YOUR TASK: With pictures left out, output exactly the lines of the listing below from the line that has "1. From the" to the line that has "The population of", both lines kept.

SUPPLIED MATERIAL:
────────

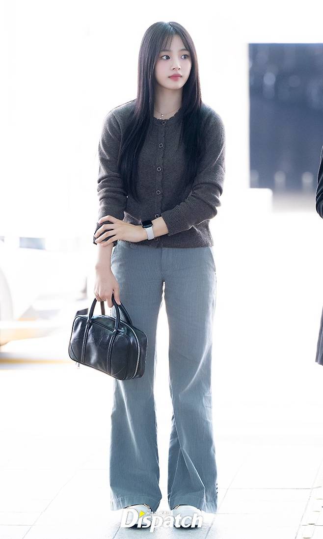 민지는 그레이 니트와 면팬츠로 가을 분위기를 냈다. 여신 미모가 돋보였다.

────────

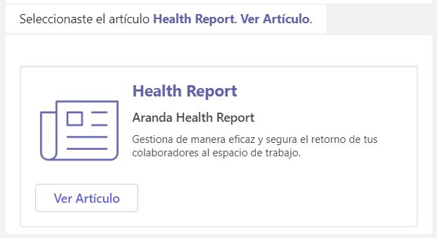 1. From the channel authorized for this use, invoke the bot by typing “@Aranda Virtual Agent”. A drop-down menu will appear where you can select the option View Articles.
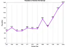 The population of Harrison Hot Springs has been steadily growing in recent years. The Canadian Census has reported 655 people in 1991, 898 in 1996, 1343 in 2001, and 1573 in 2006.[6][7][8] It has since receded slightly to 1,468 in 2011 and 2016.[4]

────────

EXPECTED ANSWER:
 1. From the channel authorized for this use, invoke the bot by typing “@Aranda Virtual Agent”. A drop-down menu will appear where you can select the option View Articles.
 The population of Harrison Hot Springs has been steadily growing in recent years. The Canadian Census has reported 655 people in 1991, 898 in 1996, 1343 in 2001, and 1573 in 2006.[6][7][8] It has since receded slightly to 1,468 in 2011 and 2016.[4]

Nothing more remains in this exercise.